Enhancing Your AI Using Unity Machine Learning Agents

In Unity 2021+

So you’ve got your game going with some awesome artificial intelligence (AI) characters. You have this neat behavior tree set up with some fancy moves. How about taking this up a notch by making your AI learn, adapt, and surprise you with each move you make? Here we shall explore using Unity’s Machine Learning Agent (ML-Agent) to achieve this.

Photo by Arseny Togulev on Unsplash

Understanding ML-Agents

Unity ML-Agents is an open-source framework that allows developers to incorporate machine learning capabilities into their games and simulations. It uses reinforced learning, where agents learn from interaction with the environment to improve their performance over time.

I won’t delve too much into what this magic is all about. But, if you’re interested to find out more, head over here.

This article serves as a guide to how we introduced ML-Agents, to an ongoing project to create a learning environment for our AI.

We will be covering the following in this post:

  1. Installation
  2. Agent Setup
  3. Rules: Observation, Action, Reward
  4. Training
  5. Evaluation
  6. Deployment

Without going into the details of the AI, I’m going to assume the following have already been set up:

  • A scene where I have an AI bot (that I’m going to name botBehaviour, which you’ll see referenced later in our code) that can move around and collect items.
  • The bot takes damage to health and armor over time.
  • There are collectibles spawned in the scene.
  • The collectibles respawn after a fixed duration after they are collected by the bot.
  • The scene is bound so the AI bot will never drop out of the world.


The following is required:

  • Unity (2021.3+)
  • Python (3.8+)
  • ML-Agents (we’ll be using release 20 here)

Unity Package — ML-Agents

Go ahead and clone ML-Agents from the Unity ML-Agents Toolkit.

Once done, copy thecom.unity.ml-agentsfolder into the Packages folder of your Unity project. You can also add this through the package manager if you prefer.

Python Package — mlagents

The recommendation is to set this up in a virtual environment. I’m setting this in for MacOS (refer to this for other system setup).

  1. Create a directory for the virtual environment.
    mkdir ~/python-envs
  2. Create a new virtual environment.
    python3 -m nenv ~/python-envs/ml-agents
  3. Activate the virtual environment.
    source ~/python-envs/ml-agents/bin/activate
  4. Upgrade to the latest pip.
    pip3 install –upgrade pip
  5. Upgrade to the latest setup tools.
    pip3 install –upgrade setuptools
  6. Almost but not quite there yet. Next, go ahead and install PyTorch.
    pip3 install torch~=1.9.1 -f https://download.pytorch.org/whl/torch_stable.html
  7. Finally, install mlagents.
    python -m pip install mlagents==0.30.0
  8. The ml-agent package seems to run with an older version of protobuf so I had to downgrade my protobuf package.
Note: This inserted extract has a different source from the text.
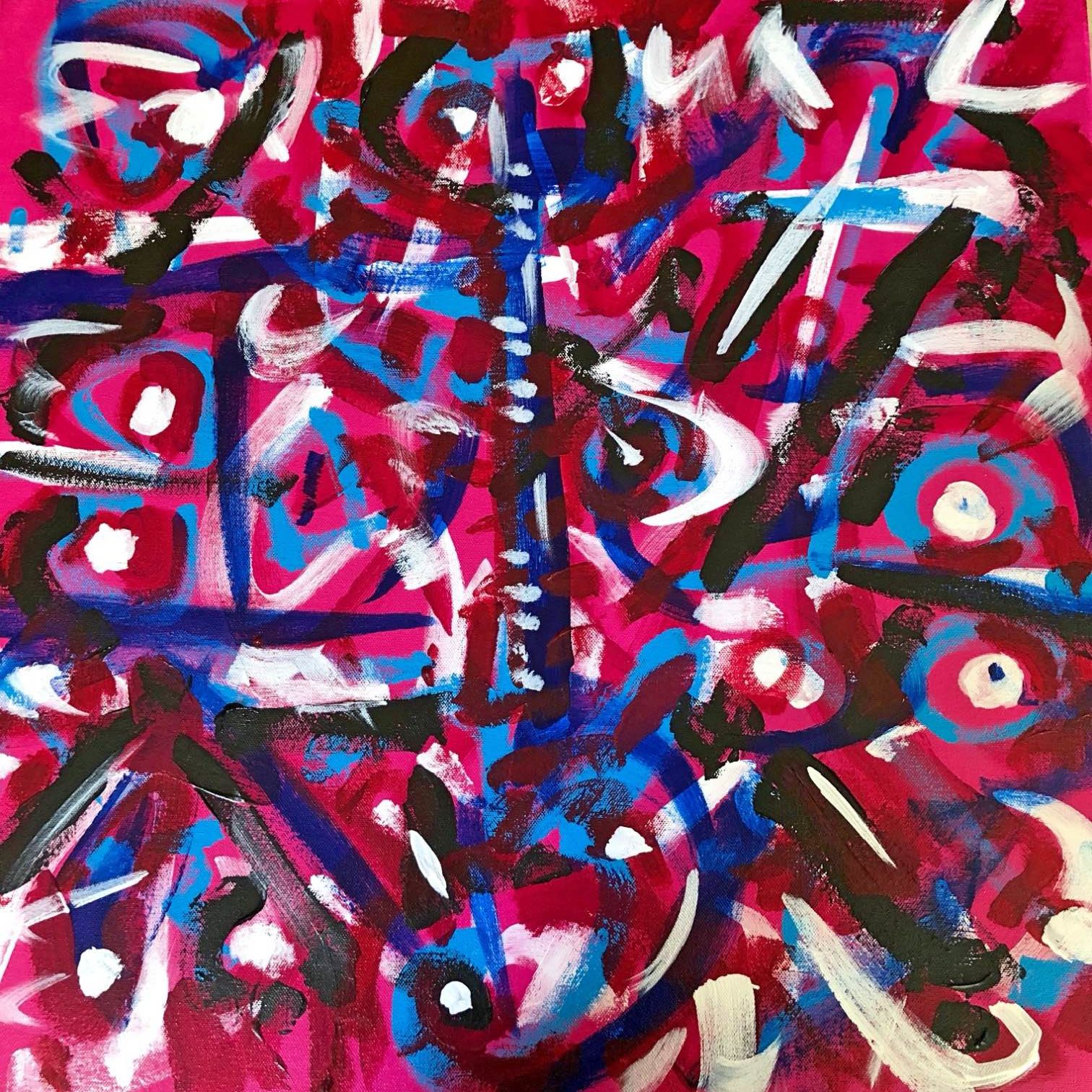 No. 2381. “Raspberry Ecstasy” from the Primitive Series. $2,250. Original mixed acrylic paint on 24″ x 24″ x 1.5″ stretched canvas. © 2019 John R Kazanjian, San Diego, CA. Artist influences: Karel Appel, Joan Miro, Paul Klee, Kandinsky. Placement: Canvas may be rotated for flexibility in display and for viewers’ additional experiences. Artist Signature, Year and Piece Number on Back of Canvas.

You don’t have to do this if it’s not the case for you.
    pip install –upgrade "protobuf<=3.20.1"

To check if everything is installed correctly, type mlagents-learn –help. If you see a bunch of help usage prompts then we’re all good to go!

If you require more information regarding the installation, you can refer to this site for help.

Agent Setup

Now that we’ve installed the necessary packages, let’s get some action in.

Take a look at this very awesome behavior tree. Essentially, this bot is randomly trying to pick up collectibles every 5 seconds.

Behavior tree.

We want to create an agent that seeks a particular collectible based on certain conditions instead of randomly looking for any collectible at each turn. Say, if we’re low on health, grab a health collectible instead of the nearest available weapon.

Now let’s create our agent.

  1. Create a new script MLAgent.cs and add the following:


We’ll be filling up the functions in the next few sections.

2. Locate your bot.prefab and attach this script to it.

There will be a behavior parameters script attached as well. In this script set the behaviour name to Collector. As for the rest leave it as default for now.

Behavior Parameters script

Now we’re ready to start adding some rules to the agent.

Rules: Observation, Action, Reward


Before we can make any observations to the agent, we want to make sure that the agent has a target to work towards.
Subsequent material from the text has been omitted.